When Roger Klein told his high school guidance counselor in Grosse Pointe, Mich., that he was interested in science and research, the counselor suggested a number of colleges Klein had heard of, like Cornell University, and one that he had not: Wooster.
As Klein made the round of campus visits, something striking occurred when he reached Wooster. Wandering around the chemistry building, he paused to read something posted outside a professor’s office. “He looked up, saw me, and asked if I had any questions,” Klein recalls. “We wound up having a 45-minute conversation.”
That bit of serendipity, and the evidence it offered of how engaged Wooster faculty are with their students, convinced Klein that this was the place for him. He declined Cornell’s offer of admission and enrolled at Wooster.
From the start, Klein took advantage of Wooster’s many opportunities to conduct research with a faculty mentor. The summer after his first year, he worked with chemistry professor Virginia Pett on a project that carried through the following academic year. He attended the American Society of Biochemistry and Molecular Biology’s conference that spring as well, the first of two such trips.
When Wooster alum Jason Rosch ’01, a post-doc at St. Jude’s Children’s Research Hospital in Memphis, Tenn., returned to campus to give a talk during Klein’s junior year, he helped fast-track an application for an 11-week research assignment in the hospital’s pediatric oncology program the following summer.
So by the time Klein was ready to begin work on his senior Independent Study research project at Wooster, he was really ready. As a double major, he had two faculty advisers for his I.S., Don Jacobs in physics and Mark Snider in biochemistry and molecular biology. And it seemed only fitting that Snider was the same professor who had spent 45 minutes talking with a high school student he met in the hall of the chemistry building four years earlier.
Today, Klein is enrolled in Washington University’s medical scientist training program, whose eight-year course of study leads to both an M.D. and a Ph.D. The federally funded program provides a full-tuition scholarship, plus an annual stipend, and aims to train the next generation of medical researchers. Klein’s goal is to work in an academic medical center setting, spending about 70 percent of his time conducting research and 30 percent on patient care.

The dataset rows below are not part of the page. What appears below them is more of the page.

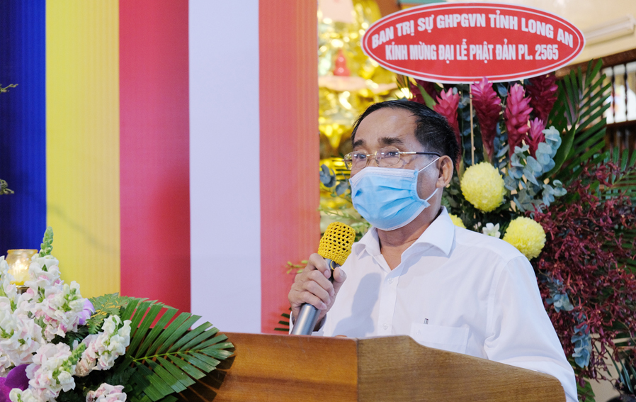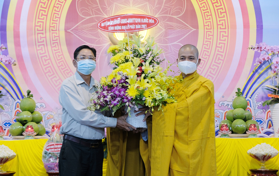 Tại buổi lễ, thay mặt cho Lãnh đạo chính quyền tỉnh Long An và huyện Đức Hòa ông Nguyễn Văn Đạo – Chủ tịch MTTQVN huyện Đức Hòa, đã gởi lời chúc mừng Đại lễ Phật Đản năm 2021.
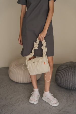 Material: NylonOpening: One direction YKK ZipperPockets: Functional internal pocketsOther features: Adjustable ruched strap and front pocketsColours: PINK, CREAM, ARMY GREEN, NAVY, DARK GREY, LIGHT GREENMeasurements (in inches)Item comes in 1 size only
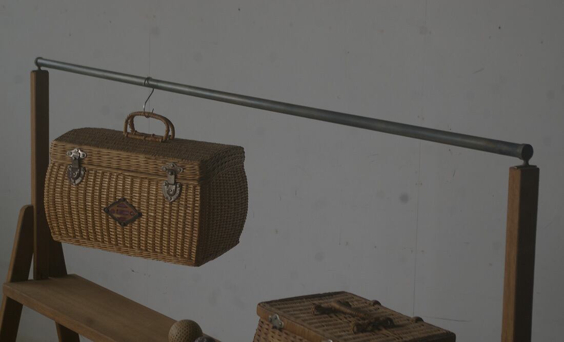 古い横長陳列棚◆アイアンラック付き YZ2332
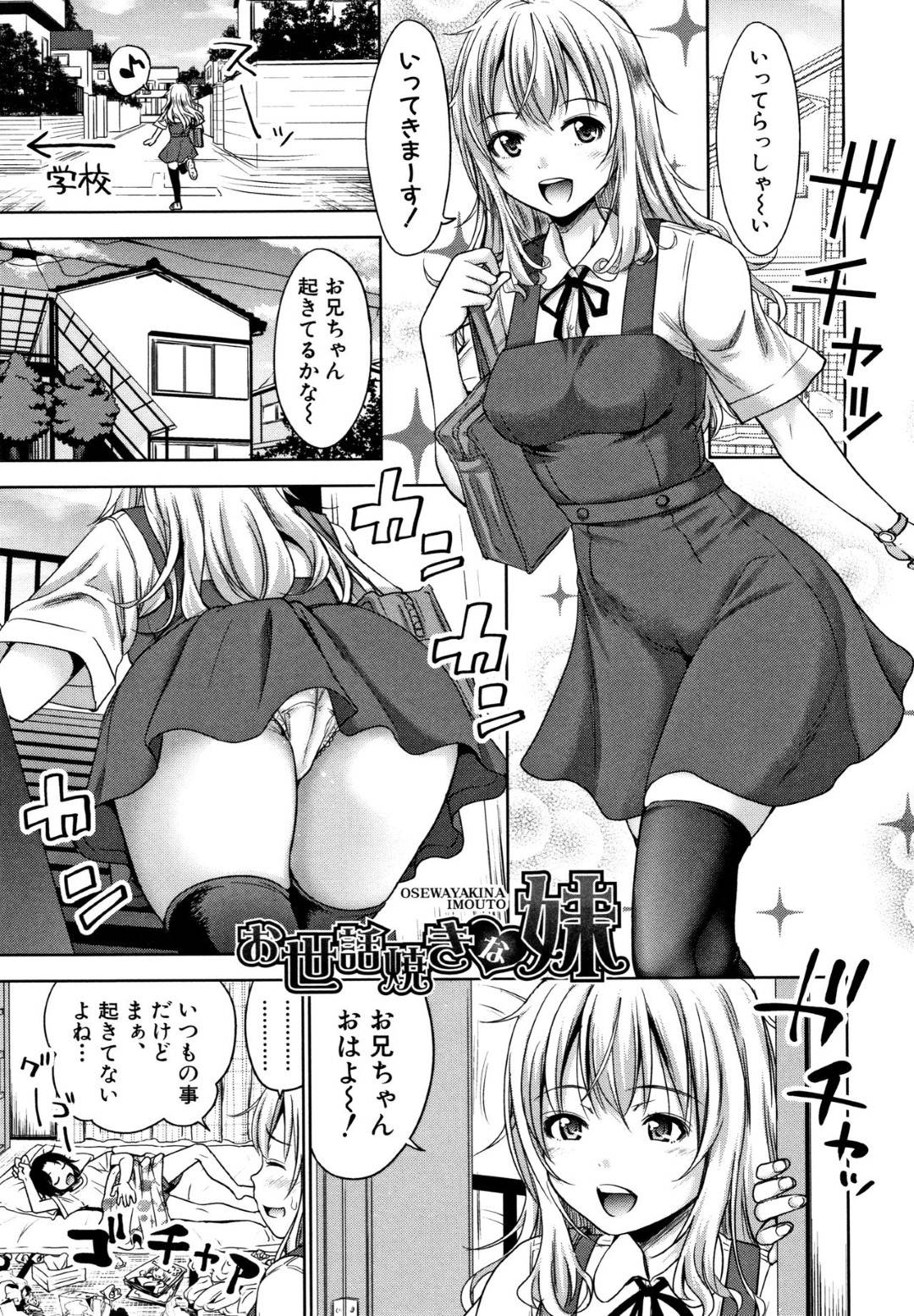 - >【エロ漫画】寝坊しがちなお兄ちゃんを起こしに来る妹。反り立つチンコを見て、性欲溜まって犯罪しないようにとフェラチオご奉仕から近親相姦セックス始めてしまう!
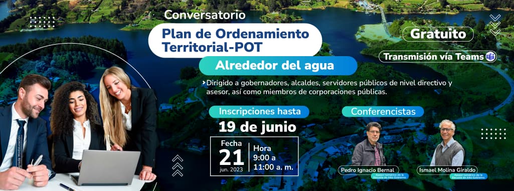 Bogotá, junio de 2023. (Comunicaciones – ESAP). Con el objetivo de fomentar un debate sobre las acciones clave en la alta gerencia que pueden enmarcarse en un esfuerzo colectivo de ordenamiento del territorio, en línea con las bases establecidas en el Plan Nacional de Desarrollo, la Escuela de Alto Gobierno de la ESAP abre las inscripciones para la conferencia virtual “Plan de Ordenamiento Territorial alrededor del agua”.

Wooster, Klein says, prepared him very well for an extremely demanding graduate program. “Wooster taught me how to think critically…and the leadership roles I had at Wooster prepared me to work better as part of a team.”
What advice does Klein have for students in the throes of the college search today?
“Go where you think you’ll get the best education. Don’t worry about a name. Wooster attracts those who want to do well, and if you’re motivated, Wooster makes it very hard to fail.”